**EXERCISE BRIEF:**
All of the data should be reproduced word for word, though its pictures must be omitted.

**RECORDED DATA:**
((
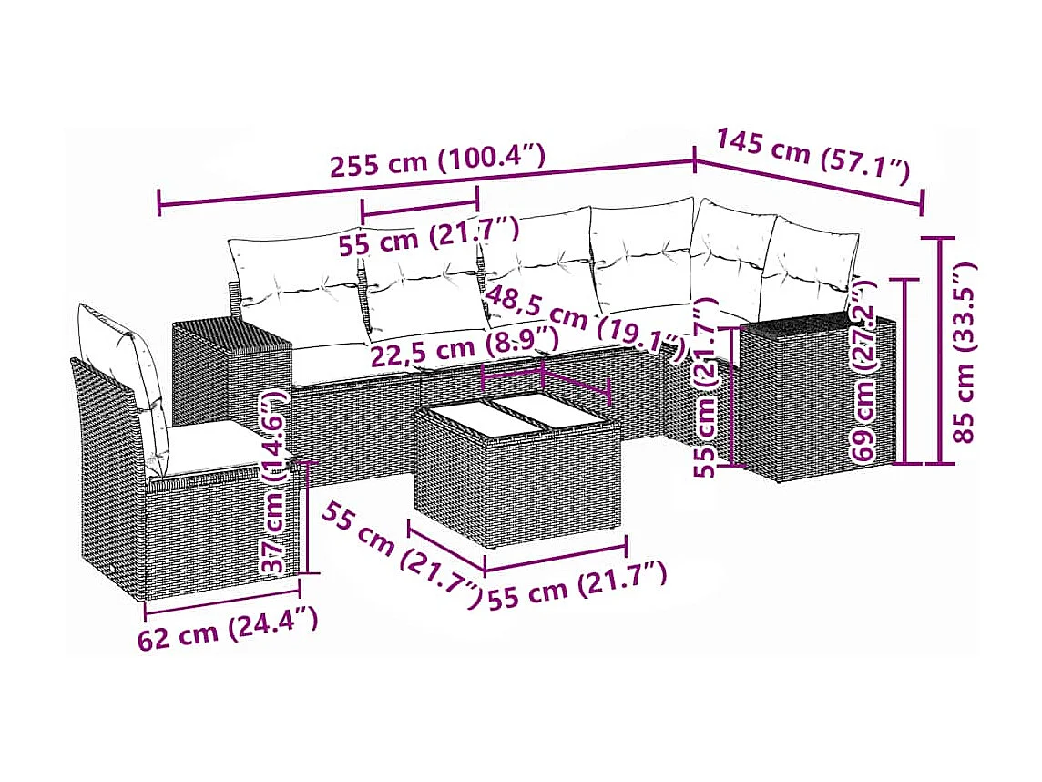 Salon complet de jardin Canapé 2 places et 2 fauteuils
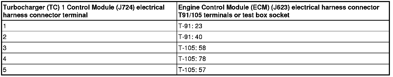 - Using a multimeter, check the Turbocharger (TC) 1 Control Module (J724) electrical harness connector to the Engine Control Module (ECM) (J623) electrical harness T91/105 connector for resistance.
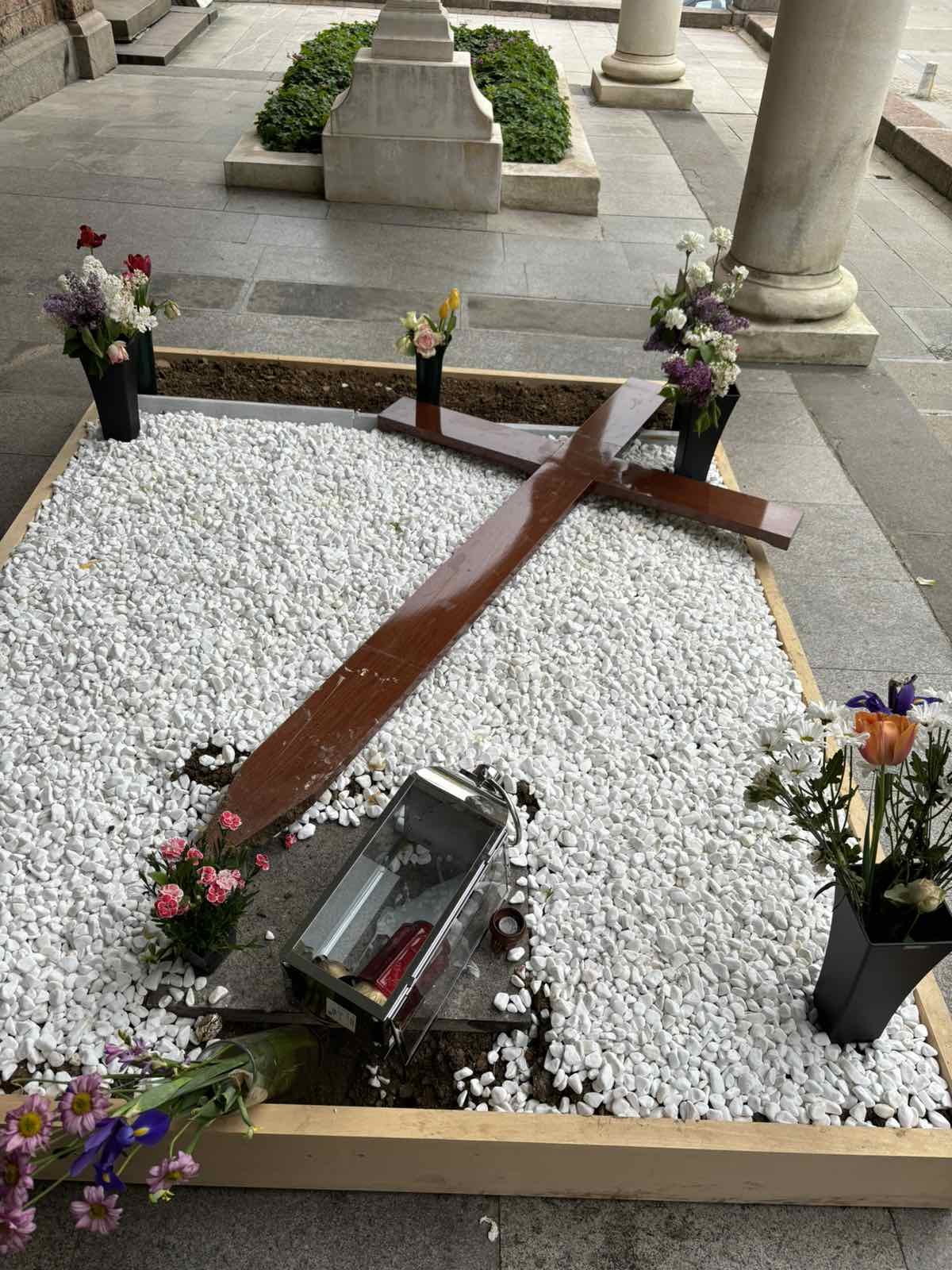 Кръстът е изваден от гроба и част от него е счупена, както и част от мрамора, обграждащ гроба на упокоилия се предстоятел на БПЦ.
))
**TASK RESPONSE:**
 Salon complet de jardin Canapé 2 places et 2 fauteuils
 - Using a multimeter, check the Turbocharger (TC) 1 Control Module (J724) electrical harness connector to the Engine Control Module (ECM) (J623) electrical harness T91/105 connector for resistance.
 Кръстът е изваден от гроба и част от него е счупена, както и част от мрамора, обграждащ гроба на упокоилия се предстоятел на БПЦ.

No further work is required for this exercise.